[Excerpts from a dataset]
= Beginning of Section =

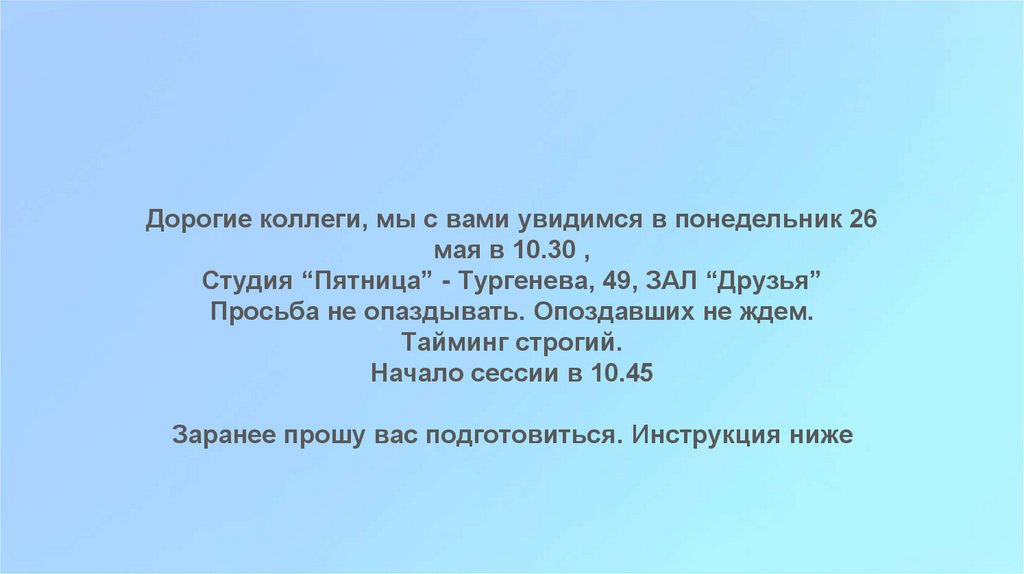 Дорогие коллеги, мы с вами увидимся в понедельник 26мая в 10.30 ,
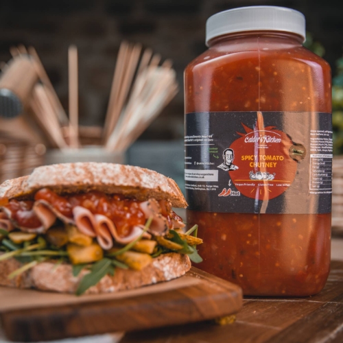 Spicy Tomato chutney – a fiery relish to pair with meats, cheeses, toasted sandwiches and perfect for BBQ’s and burgers. Also pairs well with Indian food and makes a tasty addition to a poppadom & pickle tray.Perfect for deli’s, cafe’s, restaurants, pubs, caterers and food vendorsGluten free, veganComes in cases of two jars
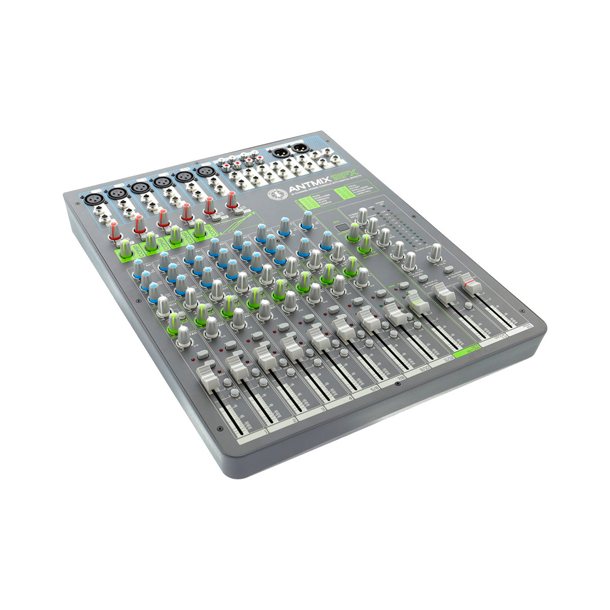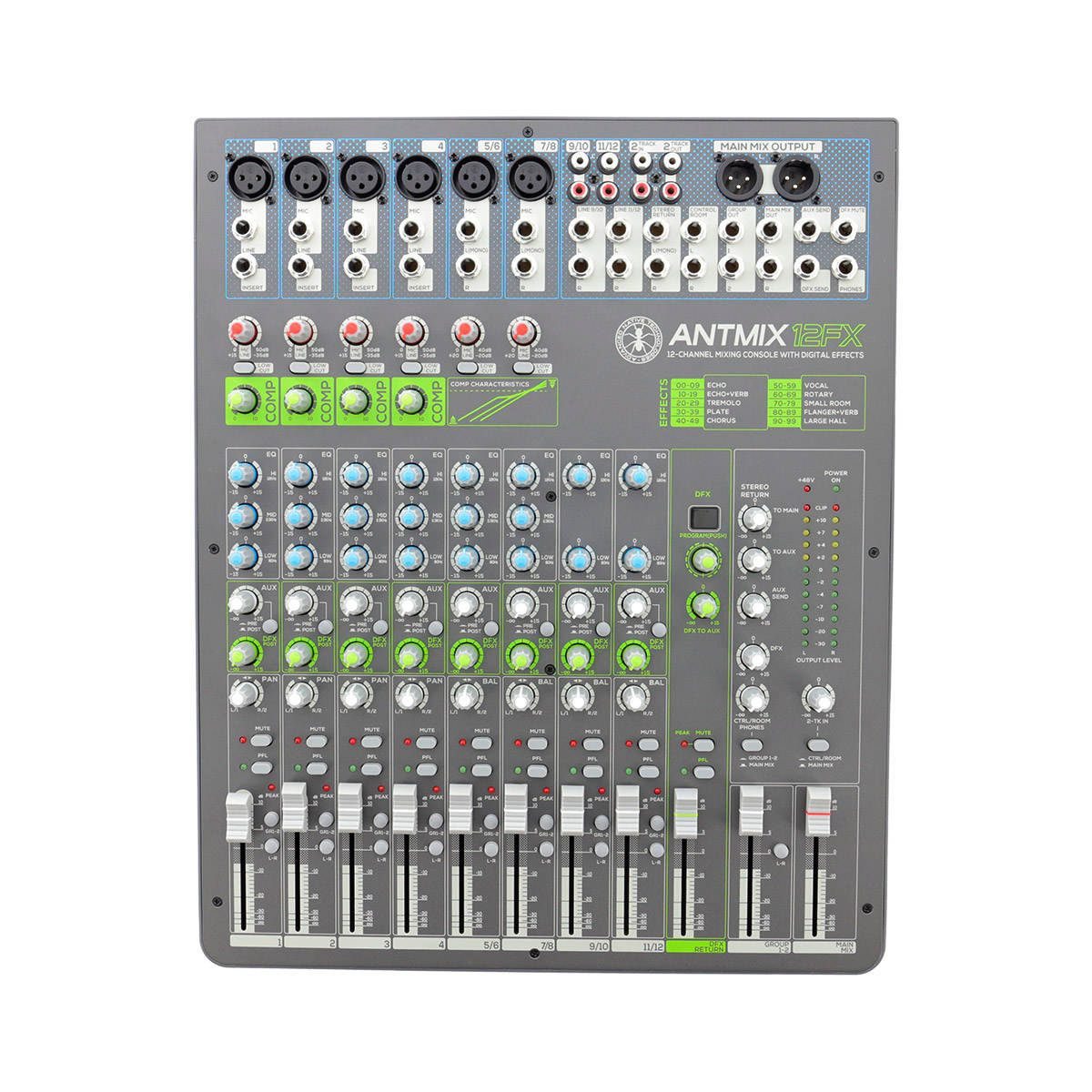 L'ANTMIX 12FX est une console de mixage analogique 12 canaux, avec un DSP intégré proposant des effets ajustables, 4 entrées micro avec compresseurs intégrés, 2 entrées combo micro/ligne, des faders de 60mm et un grand choix de connecteurs.
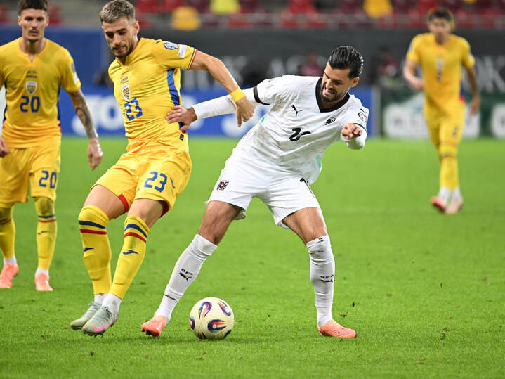 Descriere: Vlad Dragomir si Florian Grillitsch la meciul de fotbal dintre Romania si Austria, din cadrul Preliminariilor Campionatului Mondial 2026, desfasurat pe Arena Nationala din Bucuresti, duminica 12 octombrie 2025. © FOTO:Razvan Pasarica/SPORT PICTURES
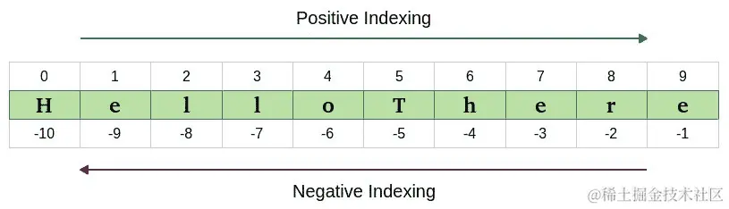 因此,为了获取最后一个元素,我们需要知道整个列表(或元组、字符串等)的长度,然后减去1。因此:len(a) - 1。这是一个非常常见的操作,Python 提供了一种使用负索引检索元素的方法。这在进行数据操作时非常有用。下面是一个关于字符串"HelloThere"(这是 Obi-Wan Kenobi 讽刺地向 Grievous 将军问候)的索引工作的漂亮图表:

= End of Section =

● Work instructions
Extract, word for word, every line from the one holding "L'ANTMIX 12FX est" through the closing line of the data above. Do not include any pictures.

● Written reply
 L'ANTMIX 12FX est une console de mixage analogique 12 canaux, avec un DSP intégré proposant des effets ajustables, 4 entrées micro avec compresseurs intégrés, 2 entrées combo micro/ligne, des faders de 60mm et un grand choix de connecteurs.
 Descriere: Vlad Dragomir si Florian Grillitsch la meciul de fotbal dintre Romania si Austria, din cadrul Preliminariilor Campionatului Mondial 2026, desfasurat pe Arena Nationala din Bucuresti, duminica 12 octombrie 2025. © FOTO:Razvan Pasarica/SPORT PICTURES
 因此,为了获取最后一个元素,我们需要知道整个列表(或元组、字符串等)的长度,然后减去1。因此:len(a) - 1。这是一个非常常见的操作,Python 提供了一种使用负索引检索元素的方法。这在进行数据操作时非常有用。下面是一个关于字符串"HelloThere"(这是 Obi-Wan Kenobi 讽刺地向 Grievous 将军问候)的索引工作的漂亮图表:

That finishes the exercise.